Show Posts
Pure math is reasoning
What do you know about math? if you know how to solve a key by using pure math, then this is for you if you know things.We have 4 points and 4 scalar, 3 points are unknown but they do relate to all 4 scalar keys. Can you point out a hint as to how we can solve any of the 3 points?
Here are our 3 points
Code:
P1=
03f4bef7834ec36e40f1c007a4c27c2f7d2ded709fda3333fdd5801625736ed152
P2=
03389523df912b20e7f5b2223f50a3e074551d3859487701d9e6297b950c9a78ea
P3=
032b0d9abd02f210631ca0fdf138a19c6725f6b67f2dba6c22bf181c73e81abd08
Code:
A1=
0x1c16e0f93f27c98dfa5
A2=
0x3f6feeff01e9e8d265
A3=
0x181fe2094f092b00d40
A4=
0x200ddfe92f46681b20a
Here is the trick, A1, A2 and A3 point to different public keys, however if we subtract A1-1 from P1, subtract A2-1 from P2 and add the results, we would get 2, which means P1 and P2 are close they are also close to P3 because half of A4 subtracted from P1 equals half of P3. This is pure math, but how can we solve any of the 3 points while we only have A4 and why A1, A2 and A3 behave similar to our 3 points?
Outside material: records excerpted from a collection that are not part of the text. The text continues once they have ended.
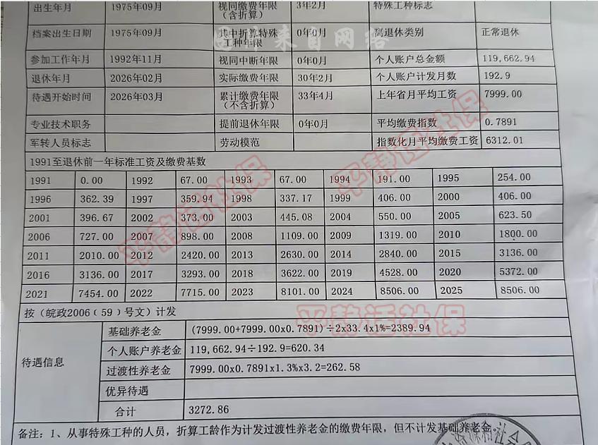 晚退休两个月能多多少钱? 刚好看到一个安徽的案例,由于年龄问题弄错了,所以有两份核定表,刚好说明了这个事。但这位女士是幸运的,因为她是安徽退。 退休地安徽合肥,1975年9月生人,第一次2025年12月退,见第一个图。缴费33年2个月,个人账户118004.42元,指数0.7754,养老金核定为3224.36元。 第二次2026年2月退,见第二个图。缴费33年4个月,个人账户119662.94元,指数0.7891,养老金核定为3272.86元。 差了两个月,养老金增加了48.5元。 换别人能增加这么多吗?不一定! 她沾光在哪了? 1、跨年。第一次是在2025年退,指数只计算到24年12月底,2025年的不计算。但第二次是2026年退,指数只计算到25年12月底,2025年的指数较高,帮着把平均指数提高了0.7891-0.7754=0.0137,这是最关键的地方。基础养老金、过渡性养老金都影响。 2、缴费年限增加、计发月数减少,基础养老金同时增加。 假如延长了,但没有跨年,是绝对增加不到48.5的,一般每增加一个月多10-20元之间。 不信你就算算。
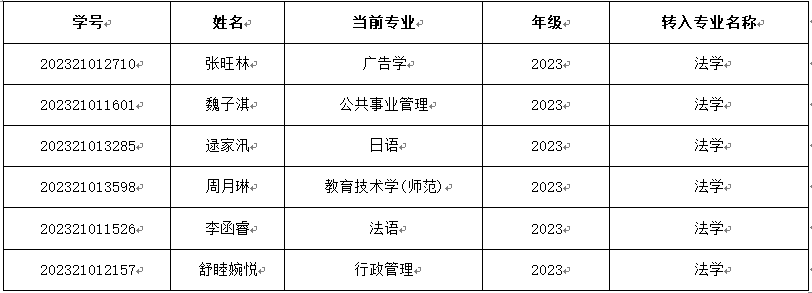 依据《炸金花在线 2023级本科生转专业工作通知》及《炸金花在线 法学院2024年度本科生转专业工作实施细则》,法学院转专业领导小组于2024年3月15日对申请转入炸金花在线的学生进行考核。经审核,拟接收以下6位同学转入炸金花在线法学专业学习,现予以公示。公示时间为2024年3月18日—22日,公示期间若有异议,可以致电或致函反映,反映应有事实根据,署真实姓名,联系电话:85827006。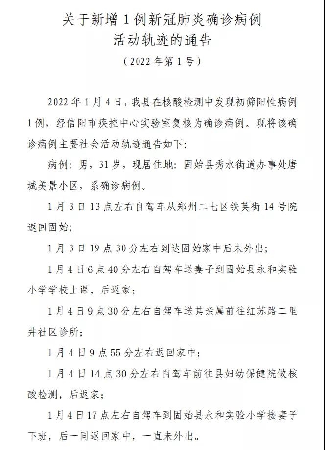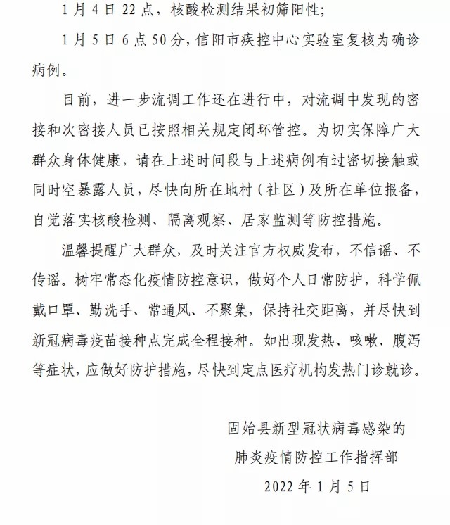 據(jù)固始縣委宣傳部微信公眾號(hào)消息,1月4日,河南固始縣在核酸檢測(cè)中發(fā)現(xiàn)初篩陽(yáng)性病例1例,經(jīng)信陽(yáng)市疾控中心實(shí)驗(yàn)室復(fù)核為確診病例。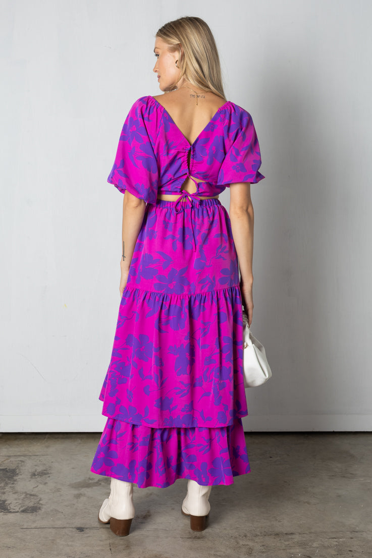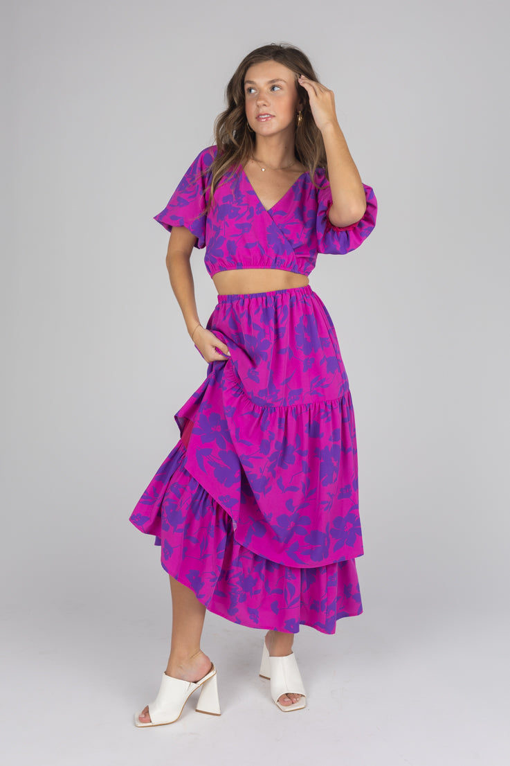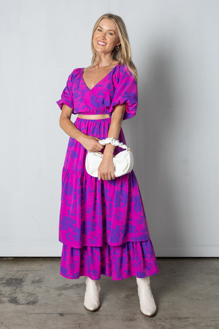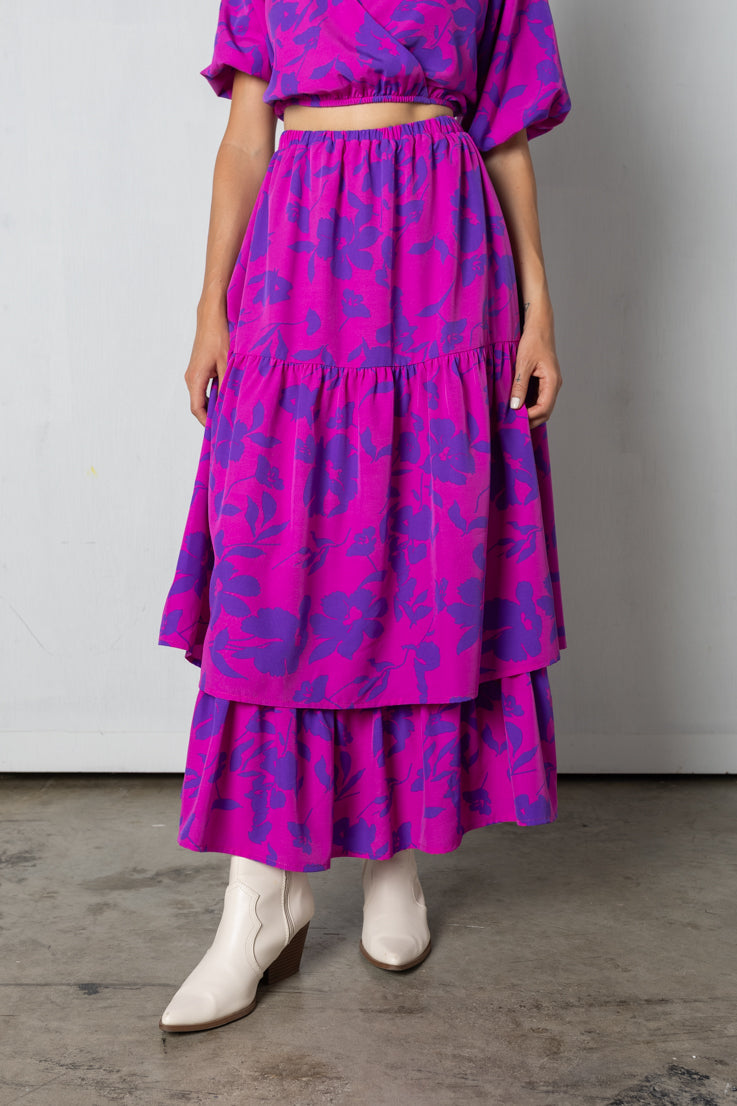 Mostra il tuo stile grintoso con questa gonna Santa Monica! Con un audace mix di motivi floreali rosa e viola, non passerà inosservata! Questa gonna lunga ha un corpo a balze con elastico in vita. Non passerà inosservata! Abbinala al crop top coordinato (venduto separatamente) o indossala con un body o un top a tinta unita.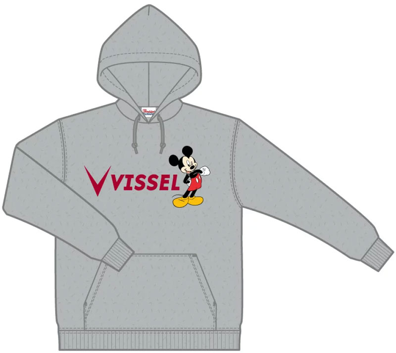 前身頃にチームのロゴとミッキーマウスをデザインするフード付きパーカー。色はグレーとホワイトの2色展開。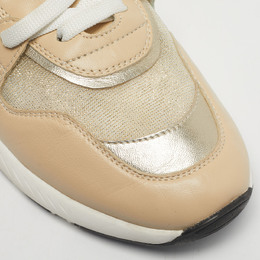 Casadei reimagines everyday ease with these beige leather and mesh sneakers. Soft neutral tones meet subtle shimmer, giving the pair lift while staying grounded in comfort. Finished with a leather sole and lace up design, they strike the balance between casual rhythm and luminous detail.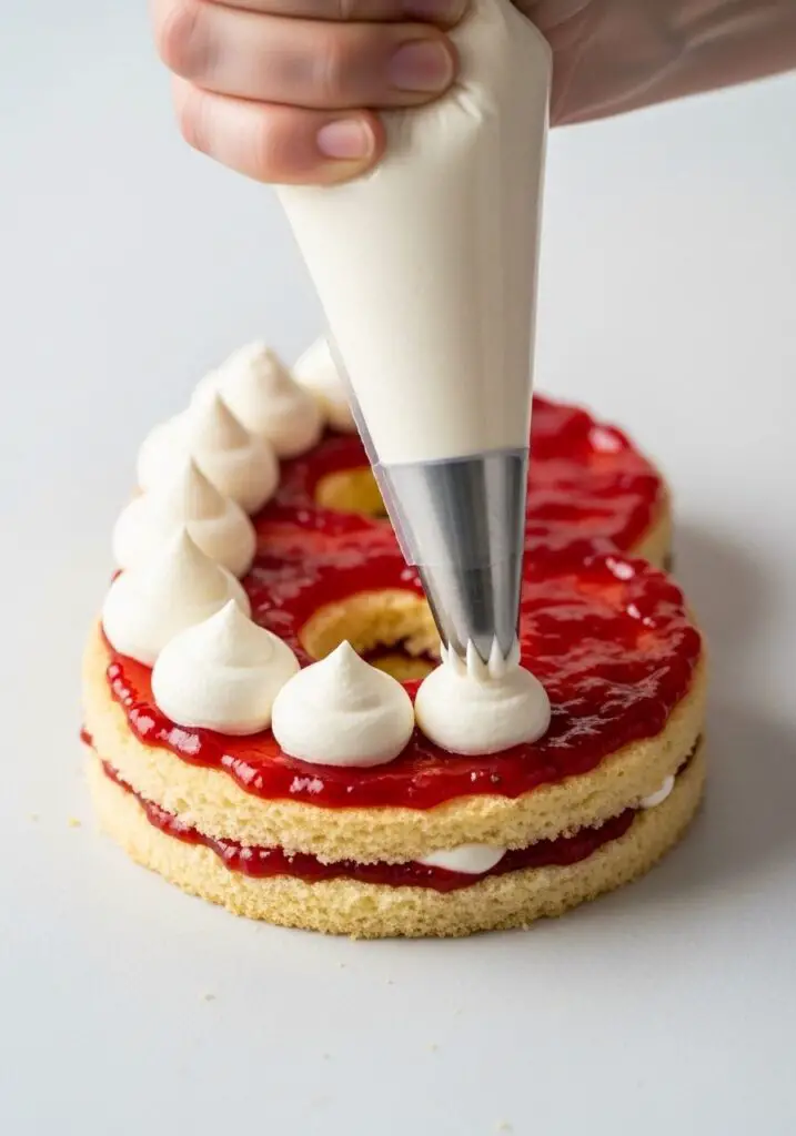 - Pipe the First Layer: Fill a piping bag fitted with a large round nozzle with your buttercream. Pipe large, neat, uniform dots (or kisses) of buttercream all over the jam layer.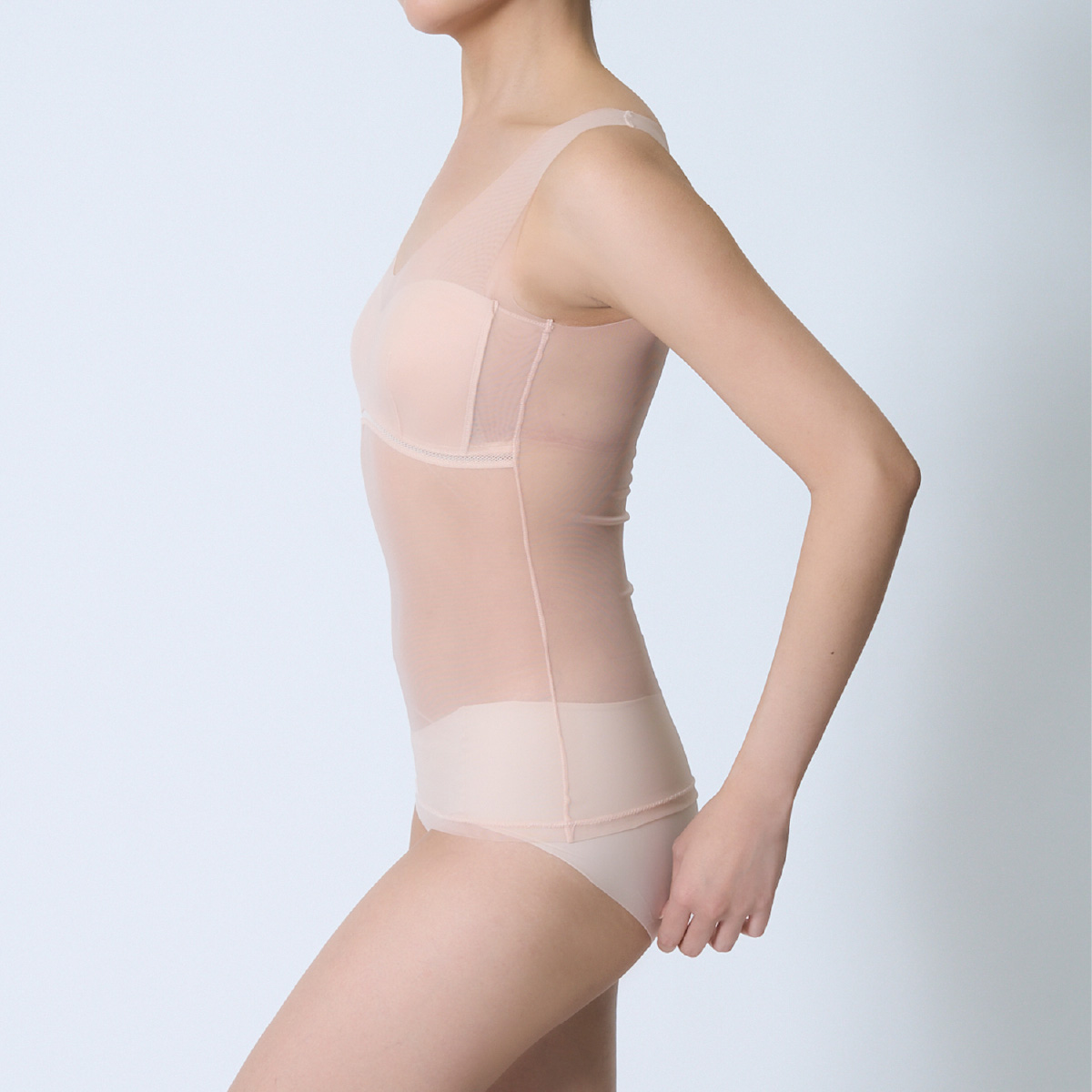 特徴・袖なし・無地・シアー素材・ストレッチメッシュテープ ノンワイヤー・パワーネット

They are in close range with each other but where are they exactly?
Pure math is reasoning
What do you know about math? if you know how to solve a key by using pure math, then this is for you if you know things.We have 4 points and 4 scalar, 3 points are unknown but they do relate to all 4 scalar keys. Can you point out a hint as to how we can solve any of the 3 points?
Here are our 3 points
Code:
P1=
03f4bef7834ec36e40f1c007a4c27c2f7d2ded709fda3333fdd5801625736ed152
P2=
03389523df912b20e7f5b2223f50a3e074551d3859487701d9e6297b950c9a78ea
P3=
032b0d9abd02f210631ca0fdf138a19c6725f6b67f2dba6c22bf181c73e81abd08
Code:
A1=
0x1c16e0f93f27c98dfa5
A2=
0x3f6feeff01e9e8d265
A3=
0x181fe2094f092b00d40
A4=
0x200ddfe92f46681b20a
Here is the trick, A1, A2 and A3 point to different public keys, however if we subtract A1-1 from P1, subtract A2-1 from P2 and add the results, we would get 2, which means P1 and P2 are close they are also close to P3 because half of A4 subtracted from P1 equals half of P3. This is pure math, but how can we solve any of the 3 points while we only have A4 and why A1, A2 and A3 behave similar to our 3 points? They are in close range with each other but where are they exactly?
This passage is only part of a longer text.